Standards in Genomic Sciences
Robbins et al.
In keeping with the coordination and collaboration
goals of RCN4GSC, contact was made with the organizers of the NESCent meeting to initiate linkages
and two participants in the NESCent meeting (including one of the organizers) also participated in
this present RCN4GSC workshop.
Genomic methods will have an increasingly important role to play in biodiversity, ecological and
conservation research, where data standards such
as Darwin Core (DwC) and Ecological Metadata
Language (EML) have already been developed.
Recognizing that effective data management across
biodiversity and (meta)genomics will require the
joint use of shared standards, the GSC convened
this planning meeting to begin exploring opportunities and challenges associated with data management at the interface of biodiversity and (meta)genomics (≡ both genomics and metagenomics).
Purposes of the Meeting
Because work at this interface is expanding rapidly, efforts to facilitate appropriate data management must also occur rapidly. Therefore this
meeting was convened (with some urgency) as a
planning session, aimed at getting as much information “on the table” as possible. Specifically, the
goal was to identify potential for positive interactions and progress, especially building on successes at establishing data standards by the GSC and
by the biodiversity and ecological communities.

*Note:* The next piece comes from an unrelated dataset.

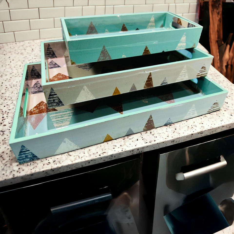 ชุดถาดเสิร์ฟไม้รีไซเคิลได้หรูหราเป็นมิตรต่อสิ่งแวดล้อมทำด้วยมือพร้อมรหัสเคลือบ

The purposes of the workshop were:
• To identify and characterize opportunities, challenges, and benefits that
occur when genomic and
metagenomic technologies, methods,
and standards (for data exchange and
contextual data and metadata) are
brought to bear upon studies of biodiversity (the interface),
• To identify and characterize the
methods and tools necessary to deliver benefits and to address the challenges identified above,
• To assess the adequacy of current
technology and infrastructure in this
context, and to identify gaps and inadequacies in current capabilities,
methods, approaches, or standards,
http://standardsingenomics.org
• To propose steps to remediate identified deficiencies and advance the interface,
• To provide input for a white paper, ultimately to be published in Standards
in Genomic Sciences (SIGS — the GSC’s
e-journal) documenting key aspects
of the interface,
• To identify key participants who
should be added (besides extant GSC
and GSC Biodiversity Working Group
members) to contribute, edit, and critique the white paper through email,
teleconference, small working groups
or other vehicles. (The white paper
will be discussed at the international
GSC meetings, GSC 11 and 12, over
the course of 2011, extensively reviewed by GSC and its Working
Group, and all of the attendees of this
March workshop.)
• To establish a preliminary outline of
what topics would need to be addressed at a large scale “GSCBiodiversity-Interface” meeting
(should one occur), and
• To identify and validate what organizations and individuals would be essential for the large scale interface
meeting (or if this is too complex,
what sorts of more modest scale interactions would be necessary to establish an effective set of networks
for the GSC among diverse subfields).
Participants
In keeping with our sense of urgency, the goal was to
convene a meeting quickly to initiate activities in this
area. Therefore, attendees were invited as individuals — not as representatives of an organization or
institution or another. While this allowed us to be
nimble in initiating the process, we recognize the
importance of ultimately achieving general community and institutional consensus before the adoption
of final recommendations regarding standards can
occur.
At the same time, efforts were made to be “representative or inclusive enough” on a scale that should
allow actual planning to be done and to provide appropriate “future-proofing” of the implemented ideals.
161
RCN4GSC Workshop Report
Activities and Analysis
The attendees discussed both opportunities and
challenges associated with the interface of traditional biodiversity surveys and (meta)genomic
analysis of biodiversity. Recognizing that work at
the interface could revolutionize our understanding of biology, the group spent time laying out
both a future vision for integrated data management and an assessment of initial steps that offer
the greatest opportunity for immediate pay back.
Conclusions
Participants at the planning meeting unanimously
concluded that the application of genomic and
metagenomic tools to studies of biodiversity and
ecology are sure to deepen our understanding of
those fields. Expanding the range of species subjected to study by (meta)genomic tools beyond
prokaryotes and ‘model’ eukaryotes would broaden our understanding of those species. This greater depth and breadth could transform our understanding of all of biology.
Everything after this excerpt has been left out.